The move, which Qantas chief information officer Paul Jones said could save the company millions of dollars a year, is the latest in a series of setbacks for BlackBerry maker Research In Motion, which has seen a number of high profile businesses turning away from its handsets in favor of ones made by Apple.
Speaking about the decision, Jones said, “We haven’t started [the changeover] yet but it’s not just the crew. We’re actually moving away from BlackBerry across the board. Transition from the Blackberry to the iPhone is part of Qantas’s broader mobility strategy and once complete will result in significant cost savings.”
He added that there had been “strong demand” from workers to allow them to use Apple’s popular handset, citing the iPhone’s “user-friendly interface and simple access to emails, contacts and calendars,” as reasons for the choice. Jones confirmed that the iPhone met all of Qantas’s security requirements.
And as if to rub salt into the wound for RIM, Jones also said that the airline was looking at ways to allow staff to use Android devices on a bring-your-own basis.
Qantas isn’t the country’s only major corporation to have turned its back on the BlackBerry, The Australian reported. Earlier this year IBM Australia also announced it would no longer be buying the handset for corporate use.
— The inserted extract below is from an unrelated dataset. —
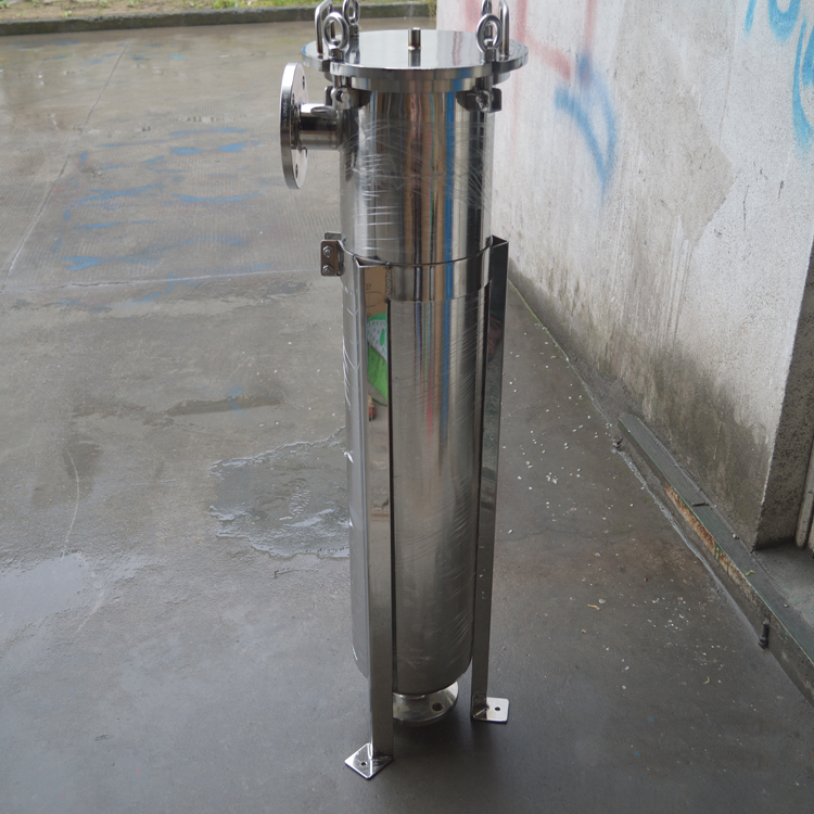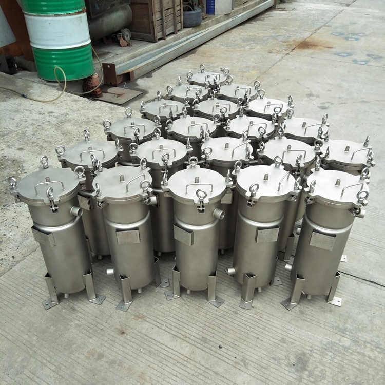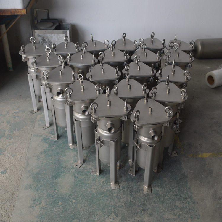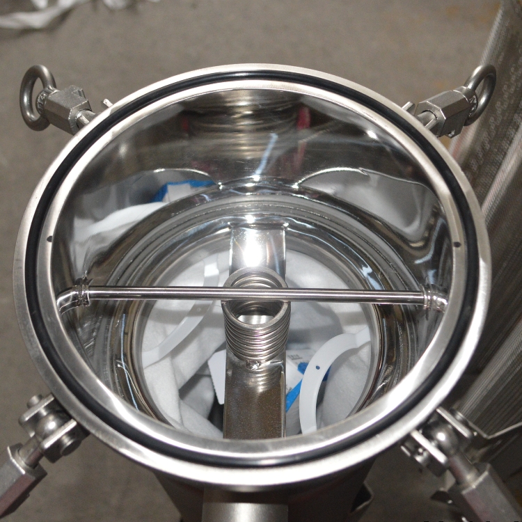 袋式過(guò)濾器是一種壓力式過(guò)濾裝置,主要有過(guò)濾筒體、過(guò)濾筒蓋和快開(kāi)機(jī)構(gòu)、不銹鋼濾袋加強(qiáng)網(wǎng)等主要部件組成,濾液由過(guò)濾機(jī)外殼的旁側(cè)入口管流入濾袋,濾袋本身是裝置在加強(qiáng)網(wǎng)籃內(nèi),液體滲透過(guò)所需要細(xì)度等級(jí)的濾袋即能獲得合格的濾液,雜質(zhì)顆粒被濾袋攔截。該機(jī)更換濾袋十分方便,過(guò)濾基本無(wú)物料消耗。具備構(gòu)造合理、密封性好、流通量大、操作簡(jiǎn)便等特點(diǎn)。濾袋側(cè)漏機(jī)率小,能有效地保障過(guò)濾精度,并能快捷地更換濾袋,使得操作成本下降。

Global companies including the likes of oil giant Halliburton have, in recent months, also outlined plans to stop using BlackBerry devices, as has the US government’s main procurement agency, the General Services Administration (GSA).
The gradual disappearance of BlackBerry business customers is a matter of enormous concern for RIM executives. The company’s CEO, Thorsten Heins, said in March that in order to get the beleagured company back on track, he wanted to “focus on the enterprise business.”
With the rise in popularity of Apple’s iPhone, as well as devices powered by Google’s Android mobile operating system, RIM has seen its business decimated, especially in North America. Its image has also been tarnished by its dismal attempt to make an impact in the tablet market with its PlayBook device and delays in the launch of its next-generation BlackBerry 10 devices, currently due for release in the early part of next year.
In other Qantas-related news, it seems that the iPhone is not the only Apple product that Australia’s national carrier has fallen for. A recent report said that from September the airline will be handing out 2200 iPads to its pilots, allowing it to reduce weight on its aircraft by doing away with the usual paper-based flight manuals.
Qantas is far from being the first airline to start equipping pilots with iPads. Those at American Airlines, United Airlines and Alaska Airlines have also been using Apple’s tablet in place of heavier, paper-based manuals.